Nightmare Projects

From Archiveteam
Jump to navigation Jump to search

A nightmare project is defined as an Archive Team project that puts an outsize load on one of the resources of Archive Team's infrastructure.

Some examples of resources that can be overrun or overloaded:

  • Network bandwidth, either to the Internet Archive or Volunteers
  • Internet Archive Disk Storage
  • Massive amounts of small files
  • Individual processes per acquisition item taking huge amounts of time

The rules of thumb will shift, but currently, here are some examples of nightmare limits:

  • Projects that will take up more that 5 terabytes of Internet Archive space.
  • Projects that will take more than 30 days to complete.
  • Projects in which individual accounts (per person) are greater than 250mb.

While the Archive Team, in theory, does not care about the perceived "worth" of user data, it does have to realistically care about recreating the infrastructure of a massive company that had millions in funding and which then pulled it away.

At the very least, a discussion needs to happen between various members before moving forward.

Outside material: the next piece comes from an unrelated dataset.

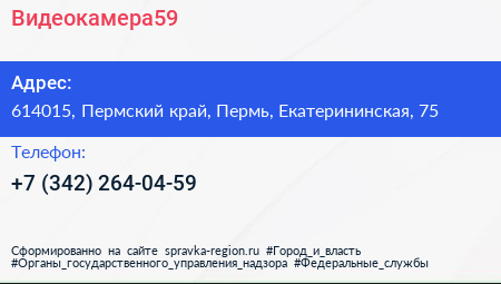 Видеокамера59 по адресу 614015, Пермский край, Пермь, Екатерининская, 75 в дальнейшем Организация, размещена в следующих категориях:

In some cases, it might make sense to take a representative sample (the first year, the most-viewed, the most-linked) instead of the full collection. (An example of this was the Justin.tv project, which had 1.1 petabytes of video data, but only 9 terabytes were grabbed, as they represented 10 or more views).

While many projects can be overtaken by ArchiveBot (although abuse of Archivebot is a separate problem), and the "standard" projects used by the Warrior or related to Archive Team projects, go well, a nightmare project needs to be prepared for and treated with the awareness of the effect it will have.